The Under Secretary for Science and Innovation, formerly the Under Secretary for Science and Energy, is a high-ranking position within the United States Department of Energy. The position was created by the Energy Policy Act of 2005, and the first Under Secretary for Science, Raymond L. Orbach, was sworn in on June 1, 2006. The under secretary is appointed by the president of the United States and confirmed by the United States Senate.  In March 2009, Steven E. Koonin was nominated to replace Orbach. Franklin (Lynn) M. Orr was sworn in as the Under Secretary for Science and Energy on December 17, 2014, and served in this position through the end of the Obama administration.  The most recent under secretary was Paul Dabbar.

The under secretary serves as the Secretary of Energy's Science and Technology advisor, monitors the Department of Energy's research and development programs, and advises the secretary on any gaps or duplications in them. The under secretary advises the secretary on the management and the state of the national laboratories overseen by the department.

The under secretary also advises the secretary on the department's educational and training activities. Other aspects include advising the secretary on the coordinating and planning of research activities, advising the secretary on financial assistance for research activities, and carrying out additional duties assigned by the secretary, including supervising and supporting the lower-ranking Assistant Secretaries' research activities.
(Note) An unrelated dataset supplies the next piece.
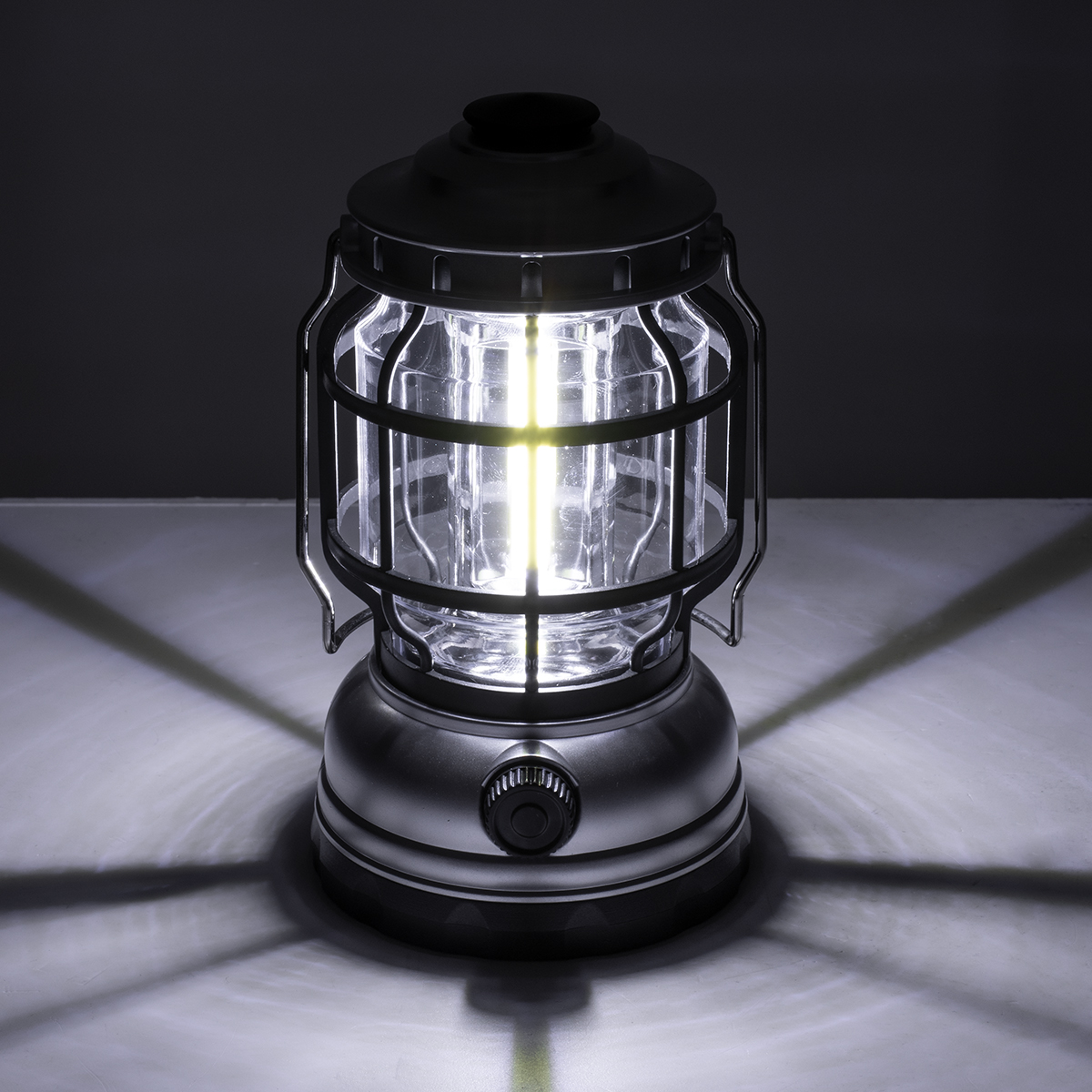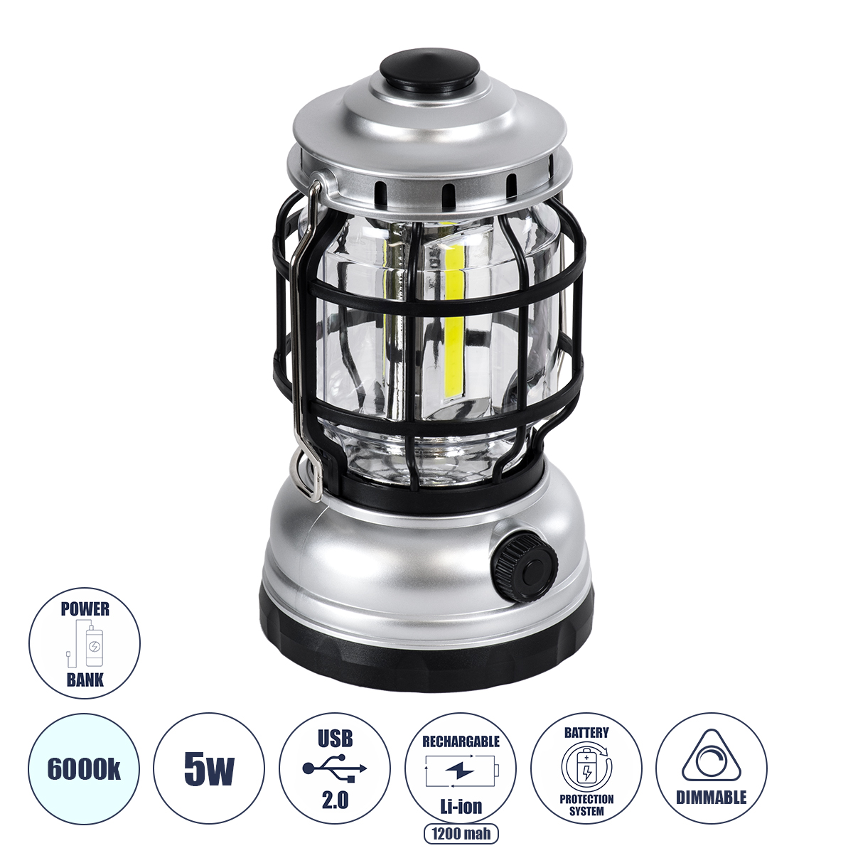 GloboStar® 69933 Αυτόνομο Επαναφορτιζόμενο Φανάρι Camping LED 5W με Επαναφορτιζόμενη Μπαταρία 18650 1200mAh Li-ion - Power Bank - Αδιάβροχο IP54 - Dimmable - Μαύρο Ασημί - Ψυχρό Λευκό 6000K Φ10.2 x Υ18cm

In the words of the Act, the under secretary is required to have "extensive background in science or engineering fields," and to be "well qualified to manage the civilian research and development programs of the Department."

The office was reorganized in 2022 to include the Assistant Secretary of Energy (Energy Efficiency and Renewable Energy), Assistant Secretary of Energy (Fossil Energy and Carbon Management), Assistant Secretary of Energy (Electricity), and Assistant Secretary of Energy (Nuclear Energy), among other programs.